Hello everyone! It's day two of our Sloan Legging Sew Along! Today we'll be going over the different machine stitches that you can use to sew your leggings. We'll also talk a bit about the difference between using a serger and a regular sewing machine.
We know that a lot of people have hesitations about working with knit fabrics, but fear not, it's really not that scary! Plus, this pattern is a great project to help you learn how to sew with knits!
Above you will see the four different machine stitches used for our sample swatches. If you are not familiar with them, #1 is a zig zag stitch, #2 is the lightning bolt stretch stitch, #3 is the triple straight stretch stitch, and #4 is the machine overcasting stitch which is a finishing stitch.
All of our stitch examples have pictures that show what the seam will look like when it is fully stretched. Some are more visible than others and we have used a bright colored thread to really show off what the seam will look like.
The first example is a zig zag stitch. This is a stitch that every machine has and everyone has the option of using! We have our machine set to a stitch width of 1.5 and a length of 2.5.
We stitched two rows at 1/4" and 1/8". Having two rows of stitching provides a nice finish on the inside of the garment, as well as reinforcing the seam.
The second stitch is the lightning bolt stitch. This stitch provides a straighter row of stitching plus a lot of stretch! A great option if your machine has it!
The third option is the triple stitch! This straight stretch stitch is a personal favorite of all the ladies here at Harts! We love this stitch for it's straight even seams and excellent stretch. It's also great for athletic wear because the seams do not show at all when stretched!
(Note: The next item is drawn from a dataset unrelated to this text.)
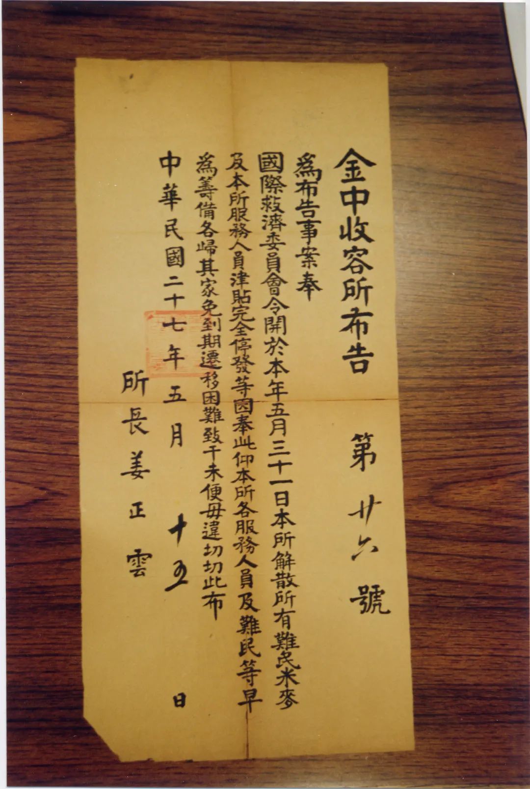 On May 15, 1938, Jiang wrote the Notice of High School Affiliated to Jinling University Refugee Camp No. 26, announcing the decision to dissolve the refugee camp as required by the International Relief Committee for the Nanking Safety Zone.
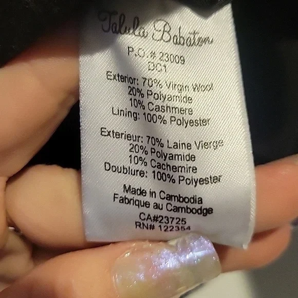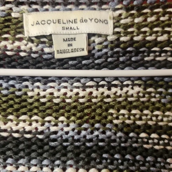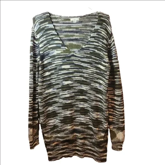 Cozy sweater from Jacqueline de Yong in size small. It features a V-neck and a cool patterned design with shades of green, white, and grey. The Talula Babaton tag shows the exterior is made of 70% virgin wool, 20% polyamide, and 10% cashmere, with a 100% polyester lining

This swatch also has an example of the overcasting stitch. This is an excellent way to finish your seams if you don't own a serger since it works with knits and wovens! You could use the overcast stitch with any of the stitches we showed above.
The last option is to use a serger. A serger cuts, sews, and finishes the seams all in one motion. Depending on your tension, sometimes when stretched and pulled apart, you will see the stitches. However; in this sample, even though the thread matched the fabric, the tension looks good and no stitches are visible.
If you are going to be super active and want to have finished seams with a little extra stretch protection, you can always combine a serged edge with another stitch like the triple stretch stitch.
Remember, this is totally optional! We recommend trying out a few samples with your fabric and seeing what you like best!
When sewing knits it's easy to forget about your sewing machine's needle.
Using the correct needle is always important! So don't forget that when you are sewing a knit fabric, you need to switch to a ball point needle!
Ball point needles have a rounded tip that prevents your needle from damaging knit fabrics. If you are sewing with an especially elastic knit, like athletic wear, we recommend a stretch ball point needle to prevent skipping stitches.
So let's recap. We recommend experimenting with these stitches on some scraps of fabric to determine what will work best for you and your machine. Make sure to use your fabric and a new ball point needle to avoid frustration.
It's always helpful to have your project fully planned and prepped before jumping into the actual sewing. No one likes a surprise setback when they are sitting down to sew!